I recently read this in a popular science magazine:

If a system is to persist rather than to collapse in the face of change, it needs to be robust. Three features make an ecosystem, or a planetary system, more robust, says ecologist Simon Levin at Princeton University. First, robust systems have some degree of redundancy, so the loss of any particular component - the extinction of a species, say, - doesn’t critically compromise the whole. Second, they have diversity, which increases the odds that at least some species will be able to cope with unexpected change.
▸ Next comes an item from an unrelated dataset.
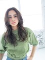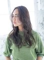 ロングヘアのゆるふわウェーブ スタイル!ロングの王道でストレートよりもウェーブがあることでやわらかさが出て女性らしさが引き立ちます!センターバングなのでさらに大人クール感もでて印象を変えたい方にはおすすめなロングスタイルです!【稲毛】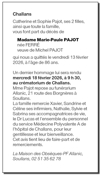 Décédée à Challans (85300, France) le vendredi 13 février 2026 à l'âge de 86 ans

Third, they have modularity, so that failure of part of the system doesn’t bring down the whole thing. - The Goldilocks Planet - New Scientist (23 March 2019)

These principles seem to be quite applicable to any non-trivial system, including distributed software systems. In particular, when I read that quote, I immediately thought of Netflix and its well publicised techniques for making their platform reliable in the face of infrastructure problems.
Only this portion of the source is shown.